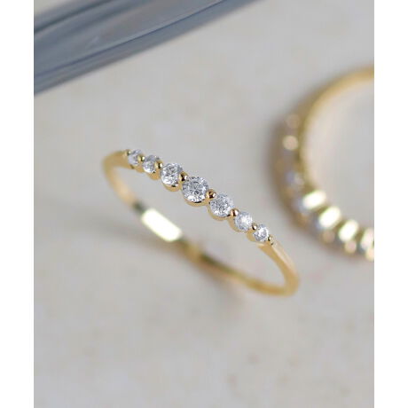 連なるビジューが繊細な輝きを放ち、手元を華やかに仕上げてくれるリング。
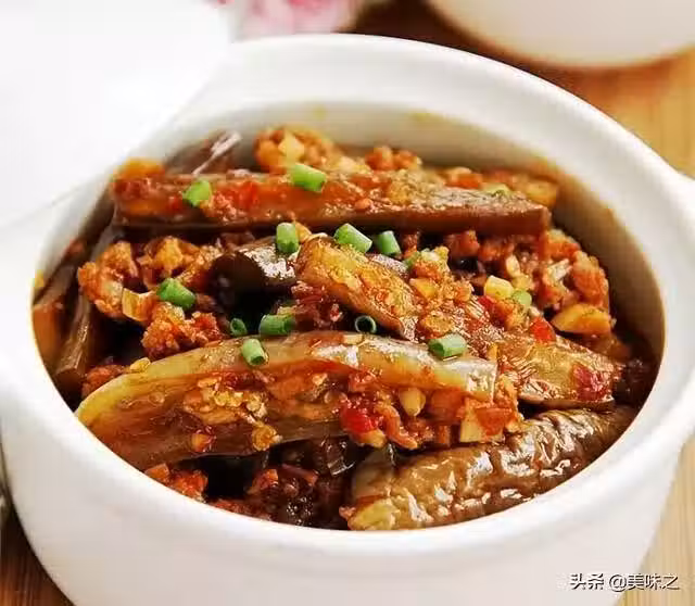 8、把肉末魚香汁燒開後倒入焯好水的茄子中,蓋上蓋,燜煮十五分鐘,撒上蔥花即可。
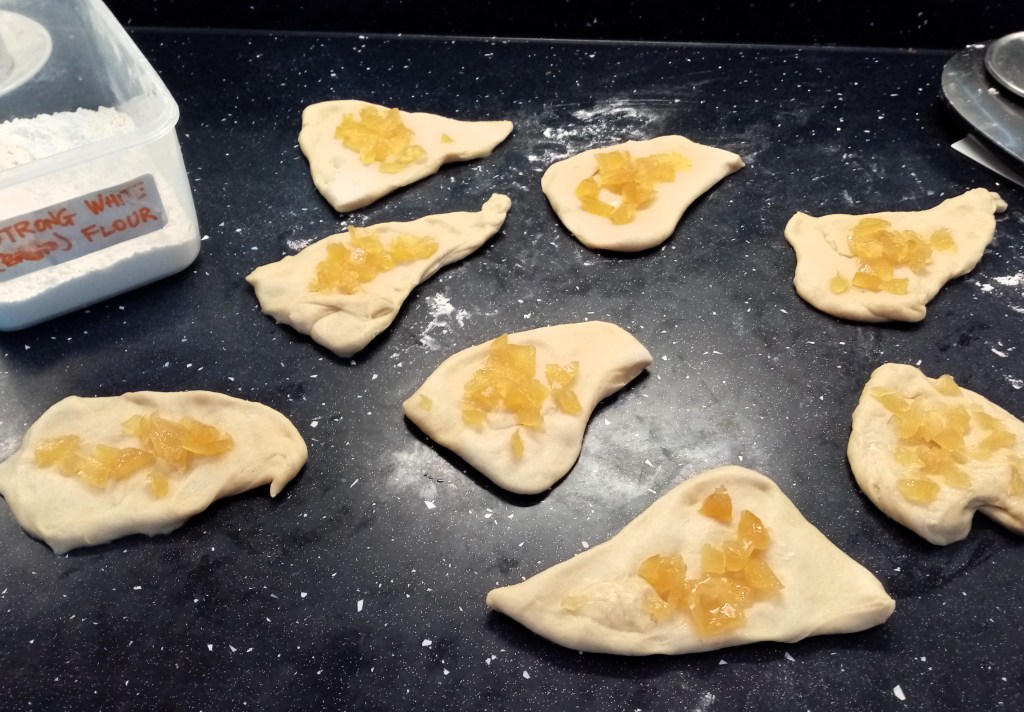 6. Knead the dough lightly then divide into portions*. Flatten each out on a lightly floured work surface and add equal amounts of chopped stem ginger to each one. Shape them into balls and use cupped hands to enclose each ball and drag the outer surface taught. Push any protruding fruit into the dough to avoid them burning during baking. (* For eight pieces roll the dough into a circle, cut a cross to make four pieces then divide each into two = eight roughly equal pieces. For more precision use your scales.)
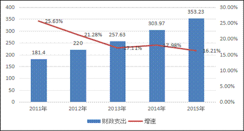 2.财政支出规模迅速扩大。随着财政实力的增强和争资立项成效的显现,全市财政保障和服务改革发展稳定大局的能力稳步提升。全市财支出总量由2010年的144.39亿元增长到2015年的353.23亿元,年均增长19.6%,是2010年的2.44倍,超过规划目标(年均增长17%)2个百分点,较全省平均增幅高出3.6个百分点。
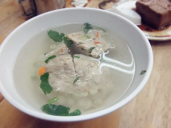 苦瓜丸湯,苦瓜燉得不太苦,變成香甜去火,口感溫潤,包覆在裡頭的肉丸Q彈有嚼勁呀。吃完飯來碗熱湯,好飽好滿足呀。

== == ==

To do — In the answer, repeat exactly the lines from the top of the entries above through the line with "8、把肉末魚香汁燒開後倒入焯好水的茄子中,蓋上蓋,燜煮十五分鐘,撒上蔥花即可。", and leave pictures out of it.

Task solution —
 連なるビジューが繊細な輝きを放ち、手元を華やかに仕上げてくれるリング。
 8、把肉末魚香汁燒開後倒入焯好水的茄子中,蓋上蓋,燜煮十五分鐘,撒上蔥花即可。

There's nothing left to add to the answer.